In 2022, 278 people in Oregon used medical aid in dying. In the decade since Vermont allowed the practice, about 203 people were eligible for medical assistance in suicide. The vast majority of them sought the program after being diagnosed with cancer.

They estimate that 63 percent of people who go through the process and receive the prescription actually take action.

Assisted suicide is currently legal in Oregon, Washington, Montana, Vermont, California, Colorado, Washington DC, Hawaii, New Jersey, Maine, and New Mexico.

Eighteen other countries say assisted suicide laws will be considered this year KFF Health News.

Oregon and Vermont are the only states that allow out-of-state residents to travel for the procedure.

Still, the process for getting permission to die in these states is rigorous, says Dr. Charles Blanke, an oncologist in Oregon who focuses on terminal care and medical aid in dying, told CBS news.

“The law is quite strict about what needs to be done,” Dr. Blanke said.

To be eligible to die in Vermont, a patient must be 18 years old, have six months to live, be able to take their own pills and be able to make informed decisions about their own health care.

If they meet these criteria, they must submit two requests to the prescribing physician. The requests must be at least two weeks apart.

These requests can be made via telemedicine, if the doctor so chooses. However, the law requires patients to be in Vermont when they meet with a doctor and take the pills.

In Ms. Milano’s case, the first time she had the procedure in 2023, she drove nine hours to Burlington, Vermont, to meet with a doctor.

She did not complete the process within six months and allowed it to lapse without receiving the medication.

Ms. Milano and her husband, pictured. She said she has been checking off items from her bucket list since her diagnosis, including visiting a local farm to cuddle a cow

Ms. Milano and her husband, pictured. She said she has been checking off items from her bucket list since her diagnosis, including visiting a local farm to cuddle a cow

But she started over, driving back to Vermont in June 2024. This time, she drove six hours and met with the same doctor via Zoom, from a parking lot just across the state line.

She said she did so because she was “afraid of not being truthful” about being in the state of Vermont during a doctor’s appointment, as required by law.

After this step, a patient must still submit a written request to a doctor, have it signed by witnesses, and see a second doctor to confirm the first doctor’s findings.

The doctor then writes a prescription, which is held for 15 days before being filled. Once the patient picks up the prescription, the process is in their hands.

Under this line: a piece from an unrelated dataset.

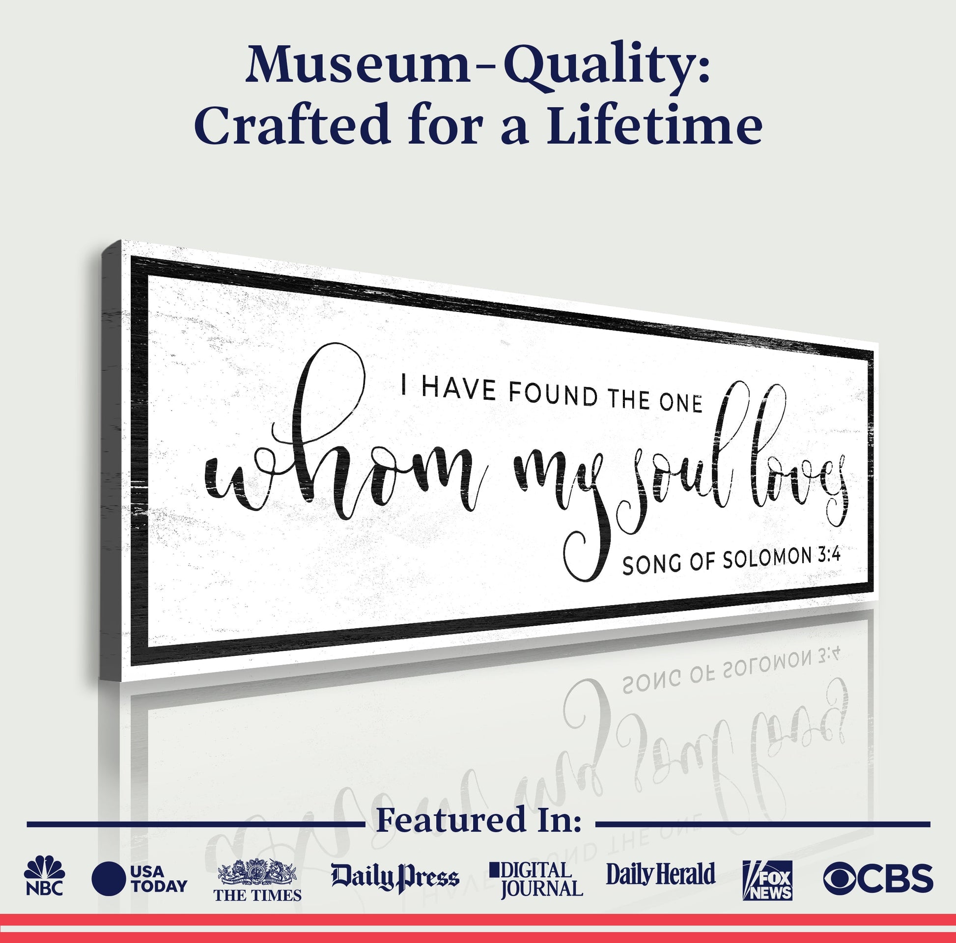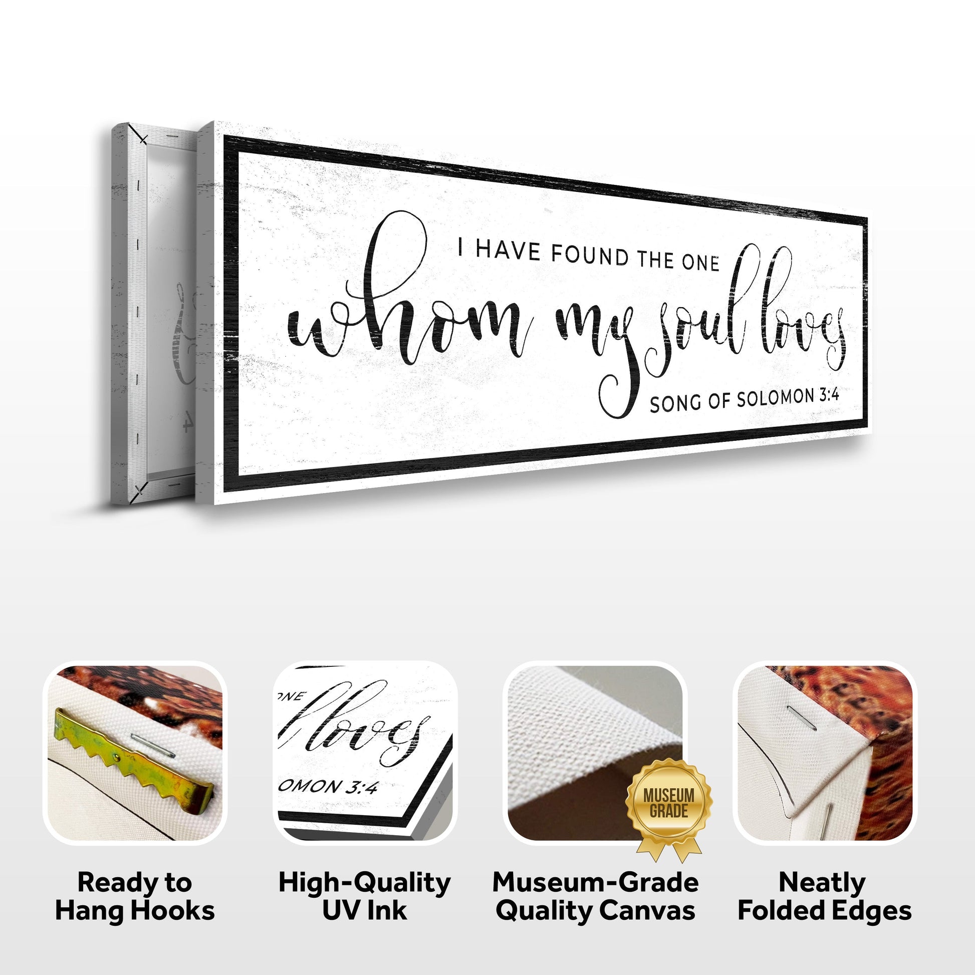 The Song of Solomon 3:4 - I Have Found the One wall art is made of a thick premium canvas, and UV-resistant ink is used to print the graphics. The Song of Solomon 3:4 - I Have Found the One canvas wall art is perfect for giving your house or room a poetic ambiance.

Mrs. Milano has not yet taken these final steps.

There is no universal support for assisted suicide. Critics such as Dr. Jack Ende, the former president of the American College of Physicians, have said that these efforts take away funding and distract from, for example, improving palliative care.

“The focus at the end of life should be on efforts to prevent or alleviate suffering and on the often unaddressed needs of patients and families. As a society, we must work to improve hospice and palliative care, including awareness and access,” Dr. Ende said.

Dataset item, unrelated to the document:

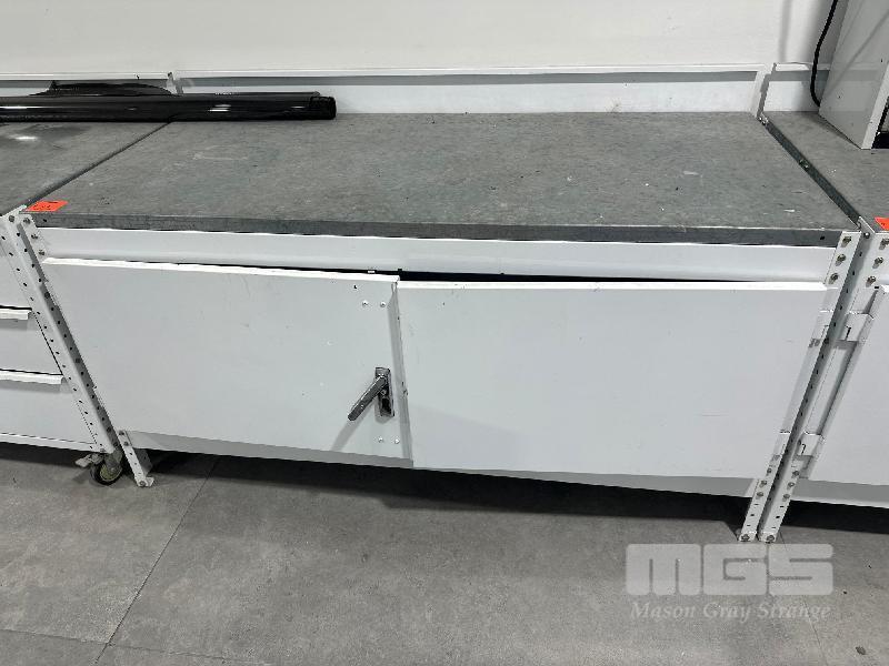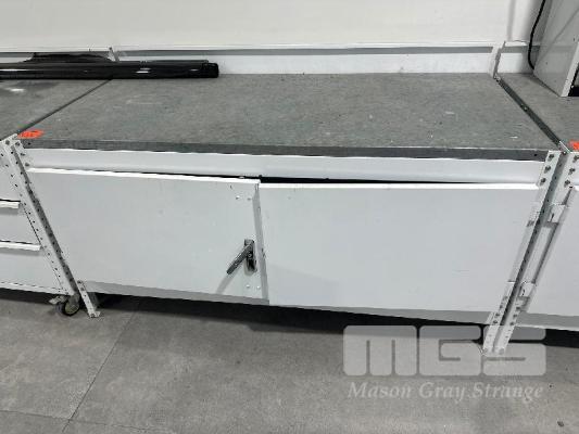 SHARMAN TECH BENCH STEEL WHITE BASE, GALV TOP, 1700 x 800mm WITH 2 DOOR CUPBOARD & ROLL OUT SHELVES

Religious groups have said the efforts cross moral boundaries. Representatives of the Catholic Church have declared: ‘We do not have the authority to take control ourselves when life ends.’

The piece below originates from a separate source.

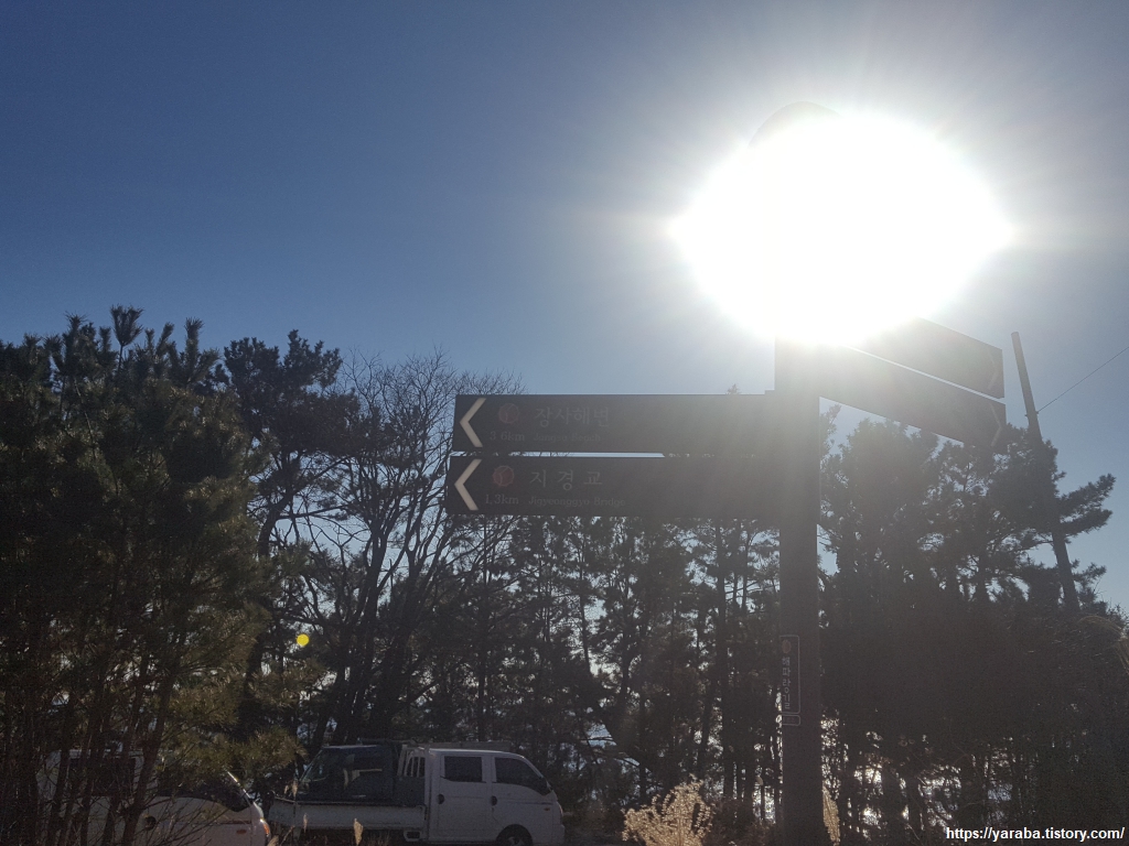 7번 국도변을 걷다 보면 그림처럼 지경교와 장사 해변으로 가는 안내판이 나오는데 이곳에서 해변으로 내려간다.

Ms. Milano, who is herself a minister and pastor at the Center for Spiritual Awareness in Pennsylvania, has openly expressed her decision to explore euthanasia via her social media channels.

She said that if she were given the pills she could take to end her life, she would not be sure she would take them. About a third of people who fill their prescriptions never do.

Right now, she’s focused on checking off items on her bucket list. She recently shared that she fulfilled a lifelong dream of cuddling a cow, sharing a video of herself laughing next to a tame, small dairy cow on Facebook.

She says it is a comfort to know she has a choice, even though she is still alive.

“I’m afraid of dying, I’m not afraid of death,” she said.